Each point includes the opportunity to rise up to enlightenment at the best experience of that state of being; the opportunity to destructively and self-destructively make a road to hell out of that type of consciousness at its worst; and a range of everyday life experiences in the middle. Don Riso did extensive work to document these "levels of development" within each type.
People with each type have a common sense of feeling about their relationship with their parents. It's unclear to me if this is nature or nurture. It might be that no matter what the parents were like, the incarnate soul plus the genetic makeup of the person might have led to a particular range of interpretations about family life. It might also be that early life experience, in preverbal years, is a major source of interpretation about the nature of the world and a person's place within it.

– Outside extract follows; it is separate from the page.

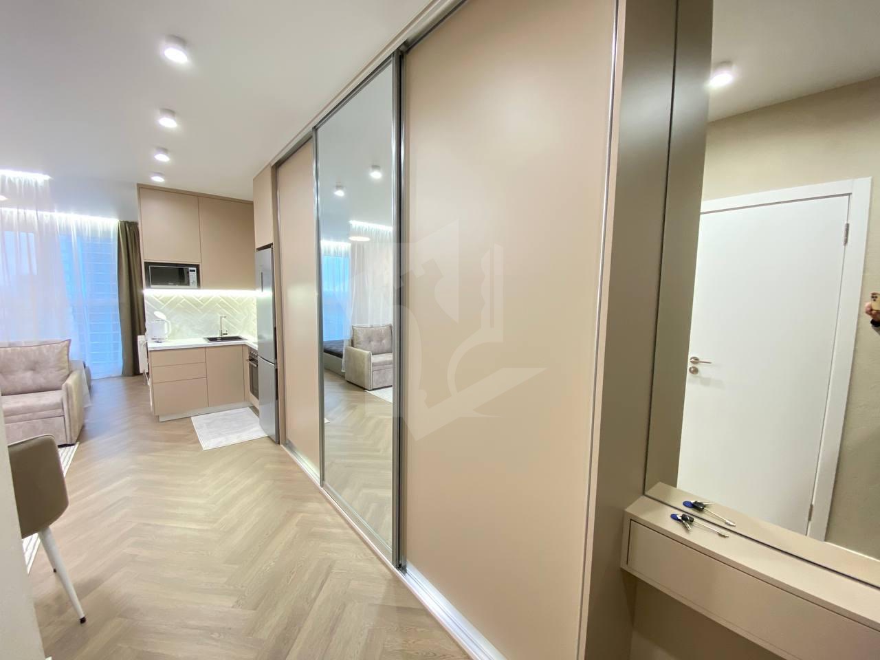 Сдается квартира-студия в Минск-Мире по ул Ж.Алферова 11 ( Брюссель ). Первое заселение. Квартира укомплектована всей необходимой мебелью и техникой для комфортного проживания (Варочная поверхность, духовой шкаф, свч-печь, холодильник, кондиционер, телевизор, два спальных места диван и кровать) Большая зона хранения в прихожей ( 3 метра) и в ванной комнате. Квартира расположена на 12 этаже , с прекрасным видом из окна. До станции метро Аэродромная 1 км. Возле дома остановка транспорта.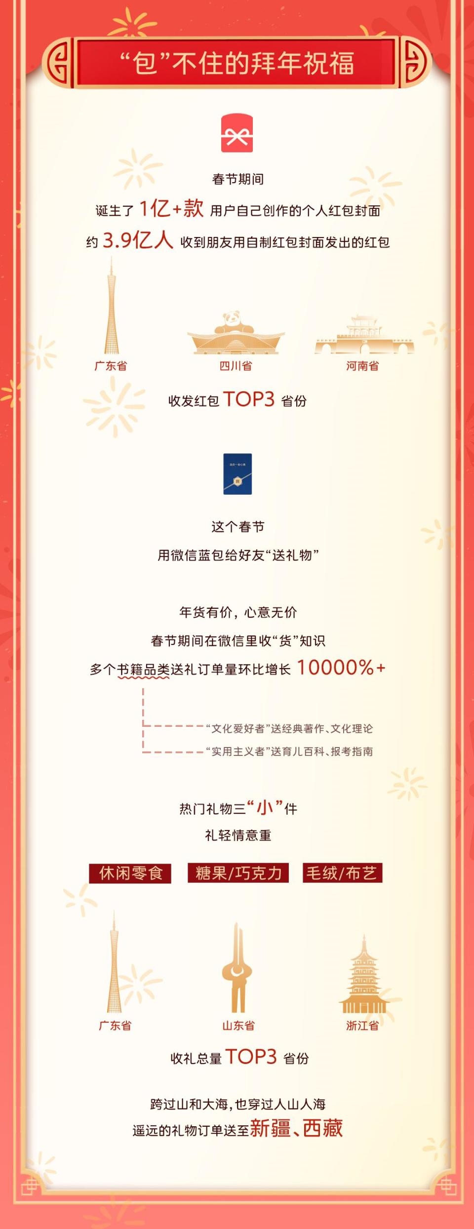 据统计,春节期间,微信平台上涌现了超过1亿款由用户亲手设计的红包封面,这些独具特色的红包被3.9亿人次温馨传递,增添了节日的无限乐趣。

At best, we are aware of our type; rise up through the levels of development towards our innate capacity for enlightenment; and can respect and draw on the states of consciousness throughout all the other types to live a balanced, harmonious, mature, well-developed life. At worst, we fall down through the levels of development towards our innate capacity for horror and abuse, and are oblivious, hateful and fearful towards any other way of experiencing a human life.
I'll have follow up posts outlining the individual types and how they relate to each other.
Even before I get into the specific types, I think you'll be able to see several ways that these concepts connect up with the Law of One teachings.